One thing which probably isn’t in anybody’s “cloud” categorization, but which I’m interested in, is the notion of event-driven systems. Polling sucks, and we should be building systems that can notify other systems when something happens, instead of repeatedly asking “has this thing happened yet?”. Google’s pubsubhubbub protocol is an interesting attempt to apply an event-driven approach to RSS feed publish notifications. Any time we can use events instead of polling, we should. Eventually we’ll hit a point where polling systems are seen for the slow, primitive beasts they are, and we’ll have a real-time internet. Until then, setTimeout() and AJAX polling will continue to rule the internetz.

If these are the basic suppositions, what tools are going to grow in importance and what kinds of systems are we going to see in the next little while? What are the implications for the popular tools of today?

Technical Tools

The increased ease of operating system virtualization could make application virtualization and portability a lot less compelling. Who cares if Java can run on every possible machine architecture and operating system, if we can virtualize operating systems and specific applications really easily?

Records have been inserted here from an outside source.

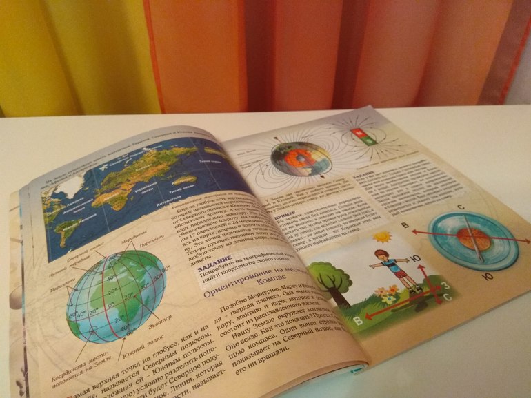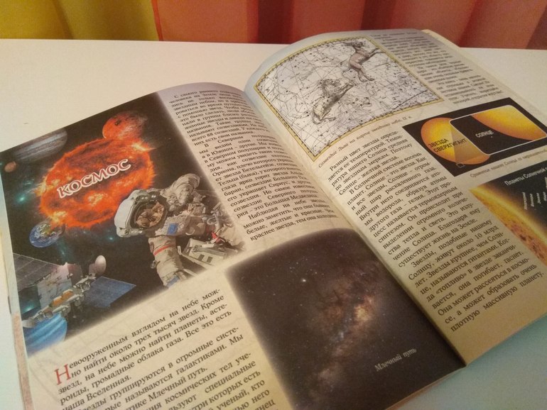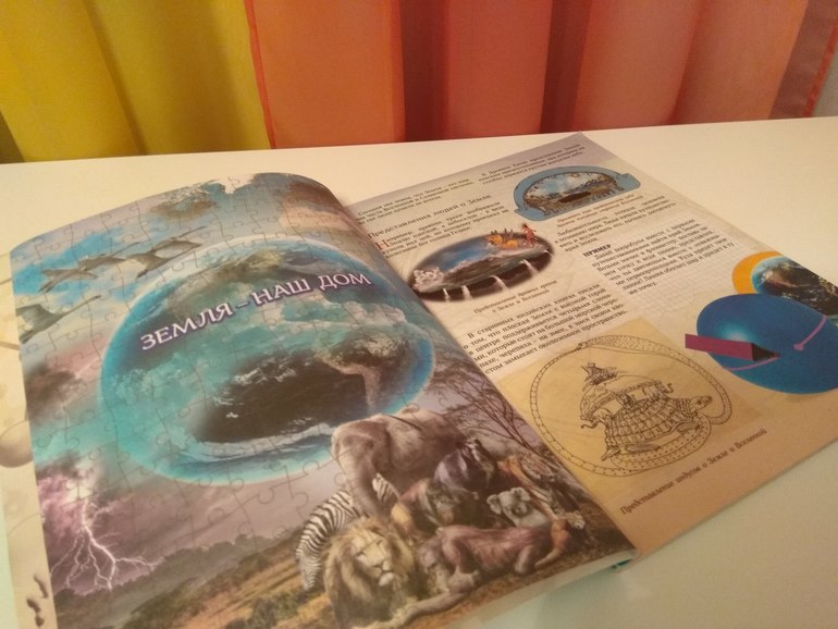 Зато сейчас, найдя в ней в конце раздел "Космос", заодно прочла и всю книжку. С большим интересом между прочим. Мне и самой она понравилась, хоть я всю её не читала, только мельком. Но очень понятная, информативная и не перегруженная деталями. Есть много нужной и интересной информации по разным разделам: общая информация о планете, о континентах, о воде и её значении, о воздухе, о многообразии природы и, наконец, о космосе)). Есть практические задания, очень толковые, которые интересны и доступны ребёнку. До них пока не дошло дело. А Сонь теперь влёт читает правильно даты, большие числа хоть арабскими, хоть римскими цифрами).
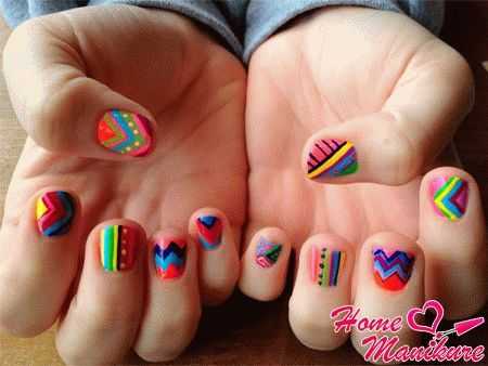 Если вам приглянулся такой маникюр, то рекомендуем запастись разноцветными лаками, чтобы отсутствие определенного оттенка не препятствовало осуществлению вашей задумки. Не забывайте, что черный цвет нужен обязательно – с его помощью придается четкость и контрастность рисунку .
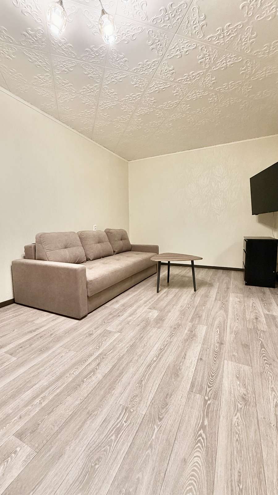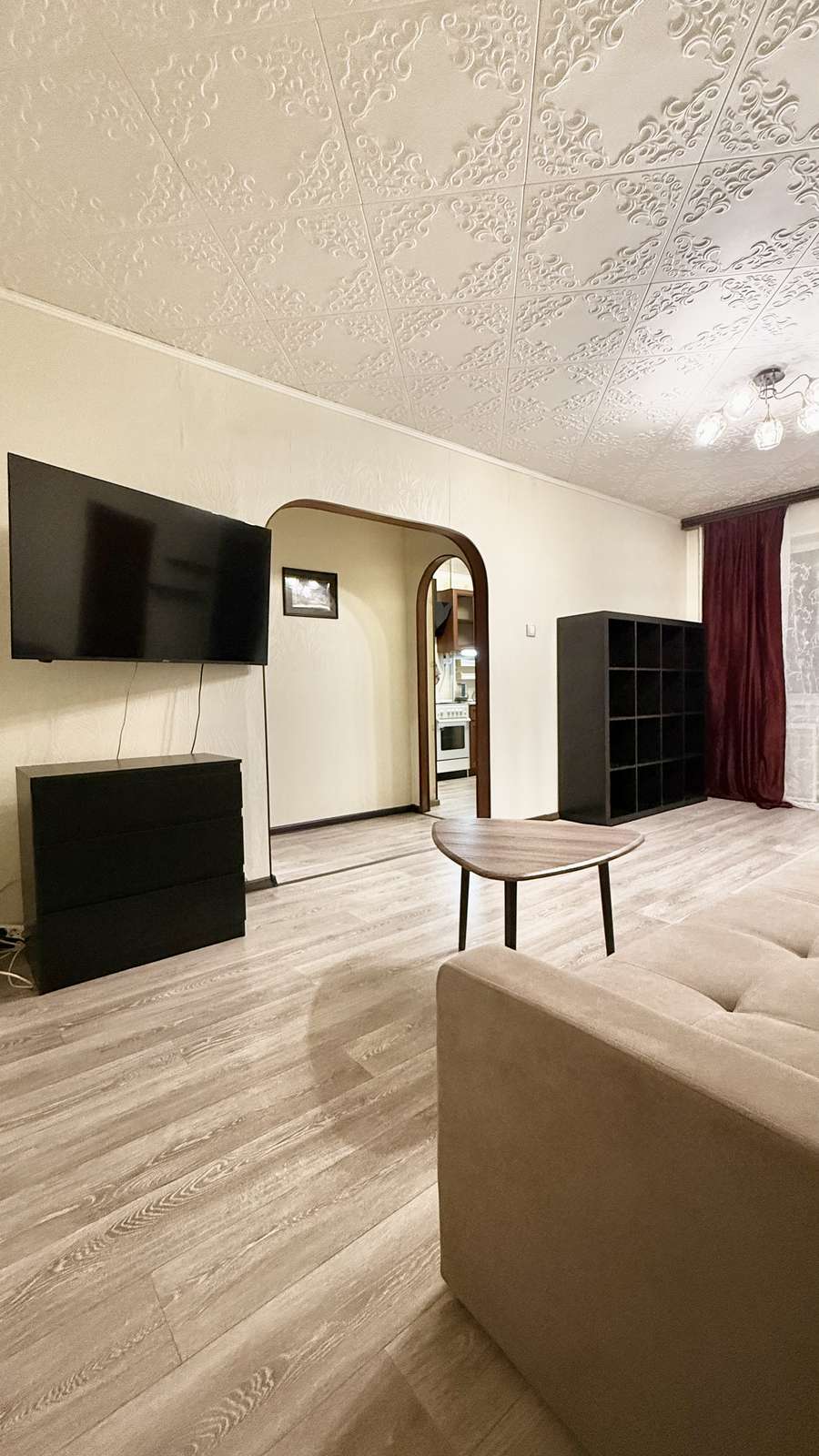 В зале - новый ортопедический диван фирмы Орматек, плазменный телевизор, комод, стеллаж.
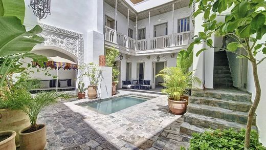 Splendide et rare Riad de 4 superbes chambres à la vente situé au cœur de Mouassine, un des quartiers les plus prisés de la Médina de Marrakech, à proximité de la célèbre Place Jemaa El Fna.
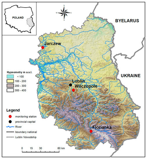 Average one-hour values of automatic measurements of tropospheric ozone concentrations were obtained from three measuring stations belonging to the Chief Inspectorate of Environmental Protection in Poland, operating as part of the Air Quality Monitoring System: the Jarczew station, located in the northwest of the Lublin Voivodeship (φ = 51°48′52′′N, λ = 21°58′21′′E, H = 177 m a. s. l.), the Wilczopole station, located in the centre (φ = 51°09′39′′N, λ = 22°35′49′′E, H = 202 m a. s. l.), and the Florianka station, located in the southern part of the Voivodeship in Roztocze National Park (φ = 50°33′07′′N, λ = 22°58′58′′E, H = 270 m a. s. l.) (Figure 1). The measuring stations were situated in agricultural areas, with the largest city in the region, Lublin, located 90 km from Jarczew, 15 km from Wilczopole, and 95 km from Florianka.
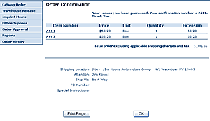 Your Order Confirmation page shows your order number, total, items ordered, and shipping information. You may print this information for you records by clicking the Print Page buton. Click the OK button when you are finished viewing the confirmation information. You will then return to your main online ordering page.
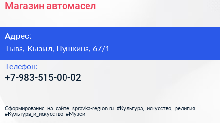 Магазин автомасел по адресу Тыва, Кызыл, Пушкина, 67/1 в дальнейшем Организация, размещена в следующих категориях:
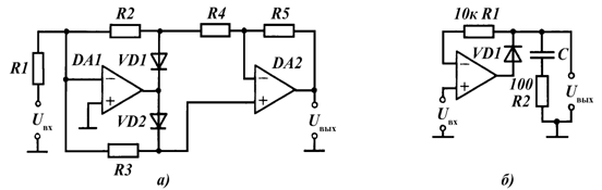 При конструировании измерительных схем датчиков используются выпрямители для получения постоянного или медленно меняющегося напряжения или тока. В зависимости от того, какой параметр переменного напряжения необходимо измерить, применяют выпрямители среднего значения и амплитудные. С целью уменьшения погрешностей преобразования, обусловленных нелинейностью вольт-амперных характеристик диодов, в точных выпрямителях используют операционные усилители (ОУ). Схемы выпрямителей на ОУ показаны на рисунке 2.61.
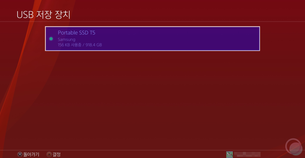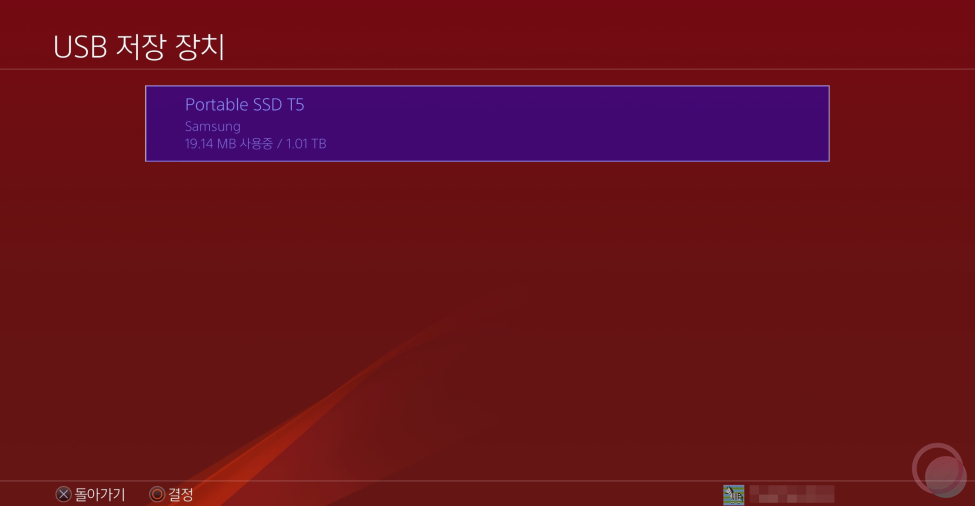 드디어 PS4 Pro에 연결해보는 시간입니다! PS4에서는 전면에 USB 포트가 2개, 후면에 1개가 있는데요. 전면부는 패드 충전용이나 USB 용도로 많이 활용하기 때문에 저는 잘 사용하지 않는 후면 USB포트에 삼성 외장 SSD T5 1TB를 연결해주었습니다.
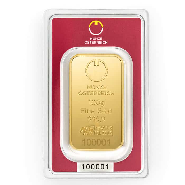 El Lingote de Oro 100g – Münze Österreich es una pieza de inversión fabricada por la prestigiosa casa austríaca Münze Österreich, reconocida internacionalmente por la pureza y calidad de sus lingotes y monedas. Esta refinería, con sello Good Delivery, garantiza un estándar de excelencia comparable a las mejores refinerías suizas.
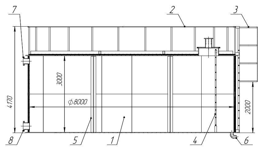 Конструкция емкости включает в себя цилиндрический корпус с плоским дном и крышкой. Габаритные размеры: диаметр 8000 мм (диаметр юбки основания 8400 мм), высота 3000 мм. Толщина стенки первого и второго поясов составляет 20 мм, толщина верха, низа и косынок – 25/20/20 мм. Цвет емкости – черный. В комплектацию входят: верхняя фланцевая крышка Ø800 мм, фланцевые отводы ДУ 100 (2 шт. для входа/выхода продукта), внутренние усиливающие стойки и косынки, утепление фольгированным стизолом (2 слоя по 20 мм) и облицовка оцинкованным профнастилом С-10 для защиты от внешних воздействий. Предусмотрены наружная металлическая лестница с защитным кожухом, внутренняя лестница из нержавеющей стали, верхняя крестообразная металлическая опора из профиля 120х80 мм и металлический верхний забор.
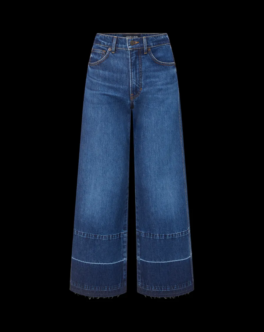 Veronica Beard Jeans>Taylor Released Hem Cropped Wide-Leg Jean in Bright Blue
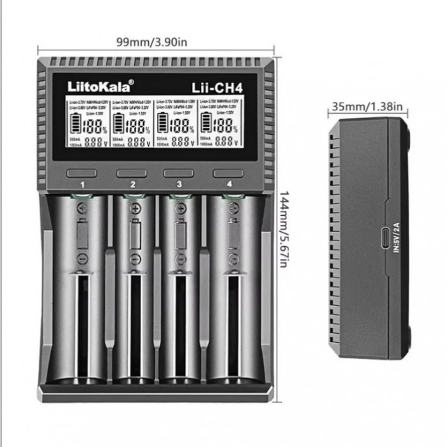 LiitoKala Lii-CH4 имеет большой контрастный дисплей с цветной подсветкой, на котором отображается информация о процессе зарядки: процент заряда в %, тип аккумулятора, напряжение, ток зарядки.
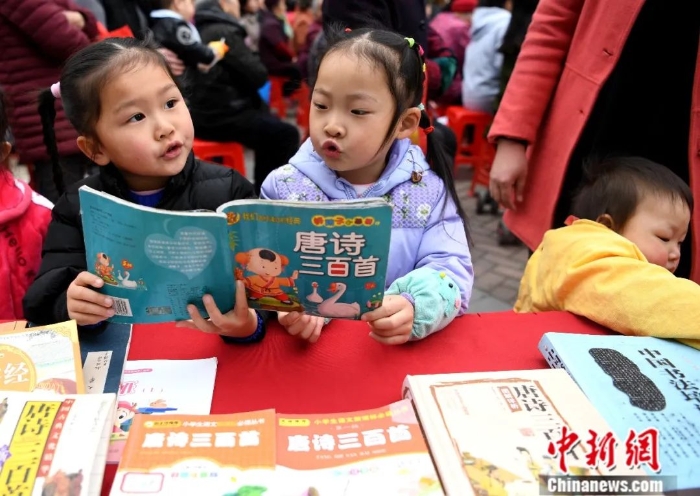 2017年3月,安徽合肥,小朋友在閱讀唐詩(shī)三百首。韓蘇原 攝
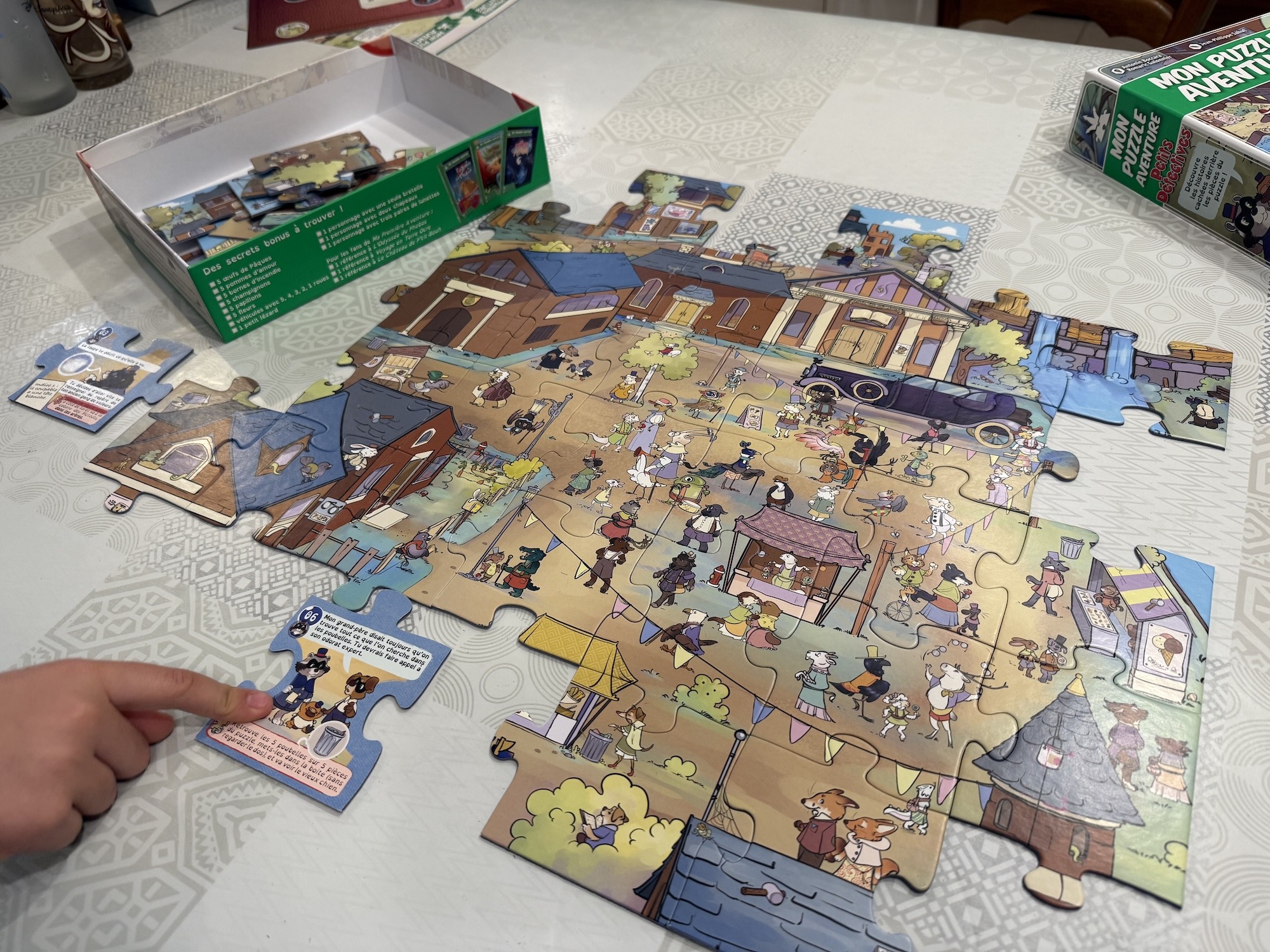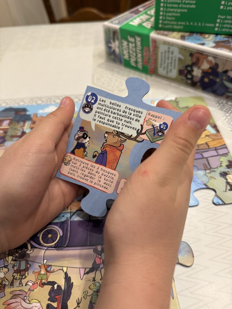Les jeux d’enquête pour enfants sont de plus en plus nombreux, mais rares sont ceux qui réussissent à combiner narration, observation et manipulation. Mon Puzzle Aventure : Petits Détectives tente justement ce mélange en proposant une expérience hybride entre puzzle et enquête, comme tous les autres puzzles de la même gamme déjà sortis. Avec mon fils de 10 ans, nous avons exploré les trois enquêtes contenues dans la boîte… même si, soyons honnêtes : il commence déjà à être un peu grand pour ce type de jeu.
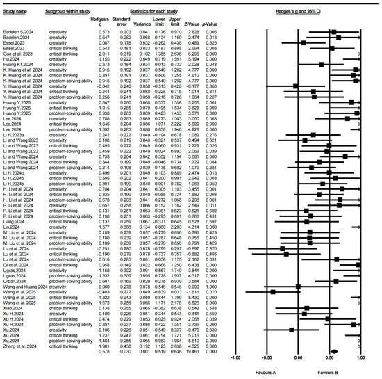 Based on established methodological practices, a random-effects model was employed in this study to account for heterogeneity among the included studies. Hedges’s g was selected as the measure of effect size to assess the impact of Gen-AI on students’ HOT. As presented in Table 3, the analysis yielded an overall effect size of 0.609, indicating that Gen-AI has a moderately significant and statistically meaningful impact on students’ HOT abilities. In other words, the findings support the conclusion that Gen-AI is effective in enhancing students’ HOT skills. The effect forest plot is shown in Figure 3.
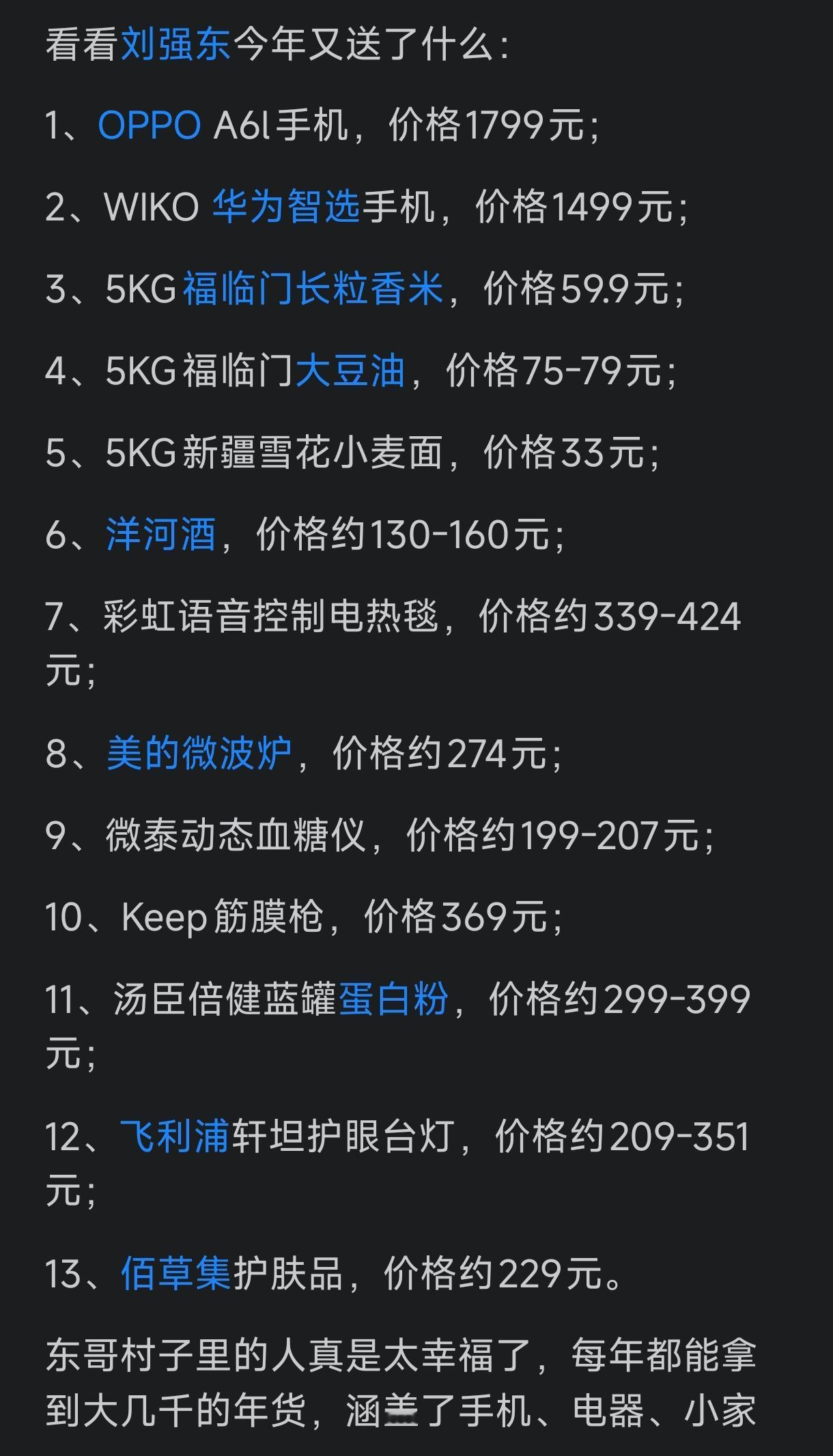 原本我以为刘强东今年给老家光明村乡亲发的年货都是自家公司卖不出去的尾货,可是我细
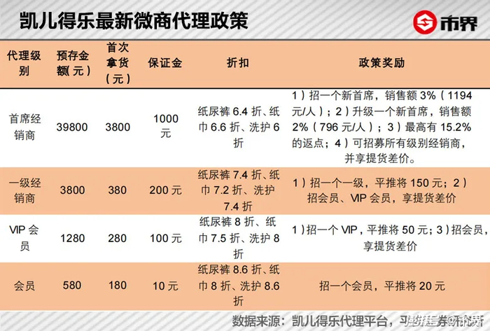 凭借着加入成本低、投入回报预期高,微商有着天然的魔力。加入者只要预存一点钱,便能享受到购物折扣;推销出去还能有返点收入,也就是常说的“人头费”;如果有幸发展成高一级别代理,则能拿到更大的折扣和更高的返点。

PHP will either get a decent threading model or die – too many of our Lego blocks rely on the idea that a language runtime can walk and chew gum at the same time, or at least fake it convincingly, and PHP’s approach (fork an entirely new operating system process) just won’t cut it much longer. Java, the .NET languages, and the dynamic duo (Python and Ruby) won’t be hurt by this. With Ruby specifically, the JRuby implementation is going to keep rising in popularity since it’s got Java’s tried-and-tested concurrency code going for it and doesn’t have the Global Interpreter Lock (GIL) that MRI 1.8 and 1.9 have. For the kinds of multi-threaded distributed systems I’m talking about, Erlang and Scala seem like they can only grow in popularity, seeing as how they were designed to deal with exactly this problem set. Lastly, for persistence, distributed block storage systems and the NoSQL movement are going to be increasingly important.

Proprietary vendors will need to come up with a compelling license-management story for on-demand services or risk being bypassed by a whole generation of geeks who can’t be bothered to keep track of what licenses they’ve used. So far the massive first-mover advantage of Amazon in the virtualized on-demand operating system space, built largely on a Free Software stack (Xen and Linux), has obscured this.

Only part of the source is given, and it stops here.